* EXERCISE AIM: Output exactly, and only, the lines below from the one with "为了加强校地交流合作、拓展毕" down to the one with "The Tim features". Include both end lines and no pictures.

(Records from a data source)
* * * *
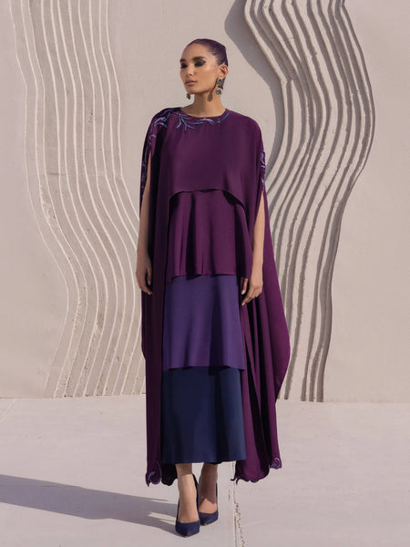 This stunning purple fully appliquéd cape is beautifully paired with a long slip featuring shades of purple and blue, creating a captivating and layered look. The cape, measuring 52 inches in length, drapes elegantly over the body, while the slip adds a sleek, flowing silhouette with a 49-inch length. The ensemble is completed with navy blue straight trousers (36 inches), offering a structured and comfortable fit. Perfect for evening wear or formal occasions, this outfit combines intricate detailing with modern design. For care, dry clean only. Please note, actual colors may vary depending on your device's display.
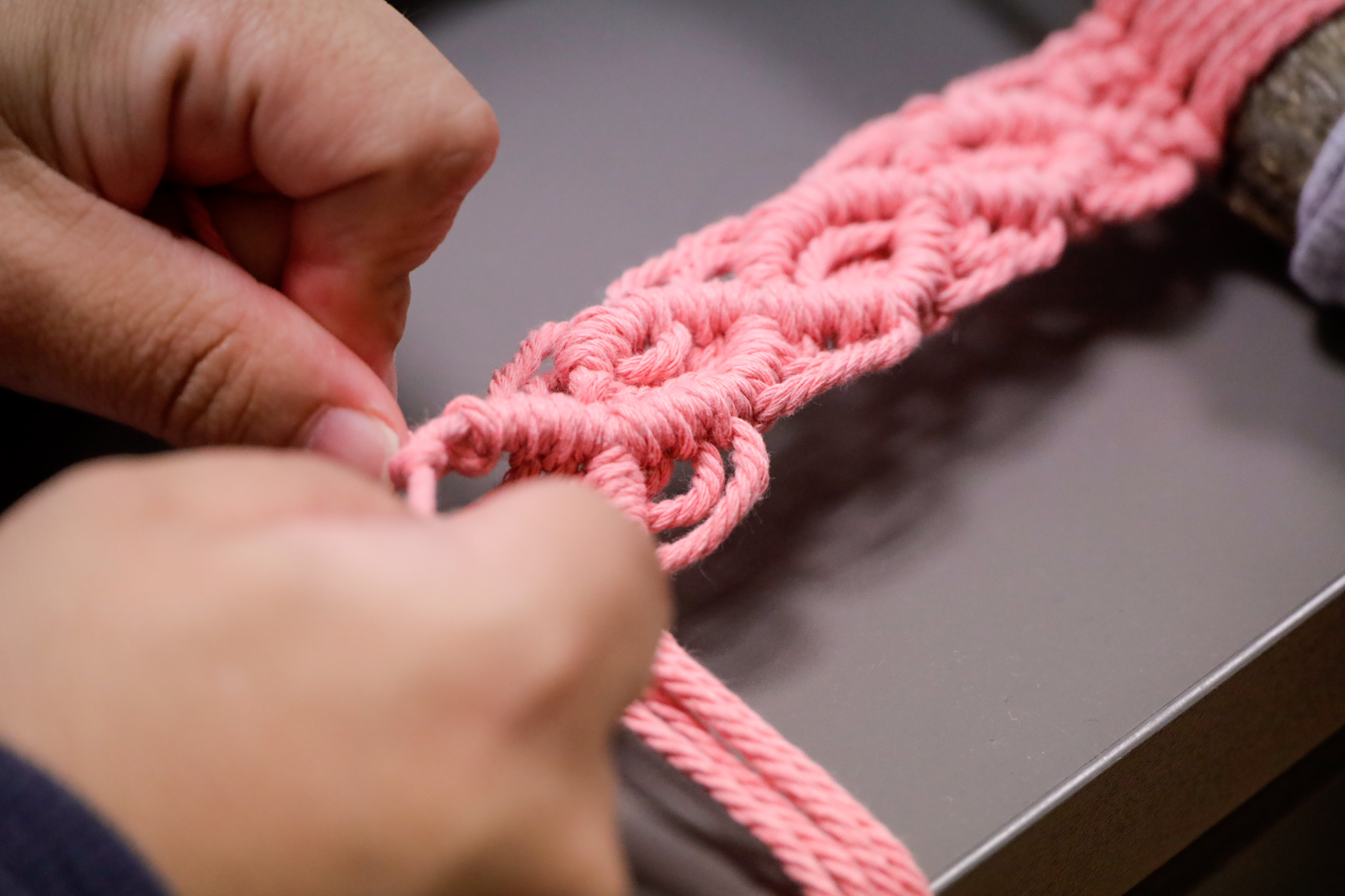 Se trata de uno de los talleres de habilitación ocupacional y de ajuste personal y social de AFANDEM que buscan el desarrollo de las personas discapacitadas. En el mismo, los participantes llevan a cabo manualidades de macramé, una actividad que les refuerza sus habilidades y les proporciona una herramienta que les ayude a mejorar su autonomía personal.
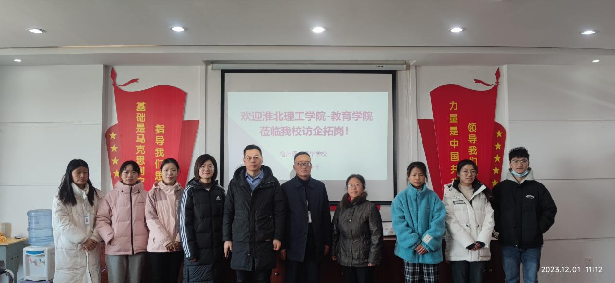 为了加强校地交流合作、拓展毕业生实习和就业渠道,12月1日,教育学院分管副书记孟向红、书记助理黄莹莹、团总支副书记许海涛、2024届毕业班辅导员任子慧,前往宿州现代英华学校开展访企拓岗调研活动。
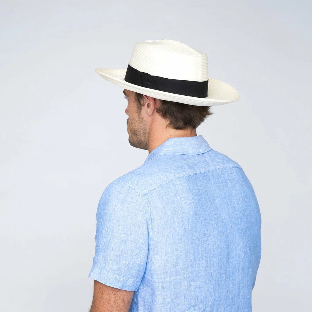 The Tim features an optimo crown and wide brim that is quite the stunner. We used the highest quality braid in a solid color and finished it with a wide grosgrain ribbon that has our signature double diagonal folded finish.
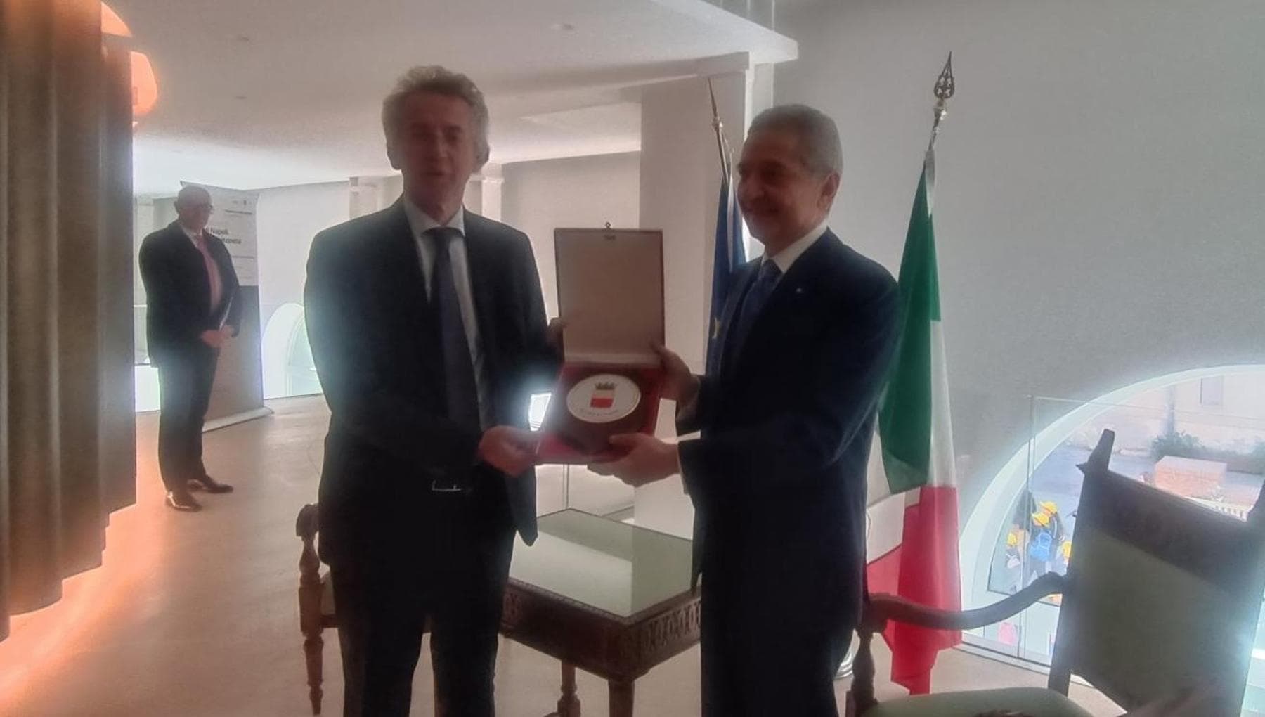 Proprio in riferimento alla delicata fase internazionale il sindaco Gaetano Manfredi, consegnando al governatore Panetta una targa con il gagliardetto di Napoli, dice: “Con l’augurio che lo spirito di Napoli lo accompagni in un momento così difficile”. Poi nel suo intervento aggiunge: “So che il governatore ama particolarmente Napoli”. Il motivo lo spiega Panetta nel chiudere il suo intervento: “L’oro di Napoli è qualcosa che non si misura a peso. È la ricchezza umana e la dignità del popolo napoletano, soprattutto di quello dei quartieri più poveri. È la capacità di adattarsi, soprattutto nei momenti più duri. Ed è la fiducia nel futuro, ostinata e quasi inspiegabile, che nasce da questa capacità”.
* * * *
* EXERCISE RESULT:
 为了加强校地交流合作、拓展毕业生实习和就业渠道,12月1日,教育学院分管副书记孟向红、书记助理黄莹莹、团总支副书记许海涛、2024届毕业班辅导员任子慧,前往宿州现代英华学校开展访企拓岗调研活动。
 The Tim features an optimo crown and wide brim that is quite the stunner. We used the highest quality braid in a solid color and finished it with a wide grosgrain ribbon that has our signature double diagonal folded finish.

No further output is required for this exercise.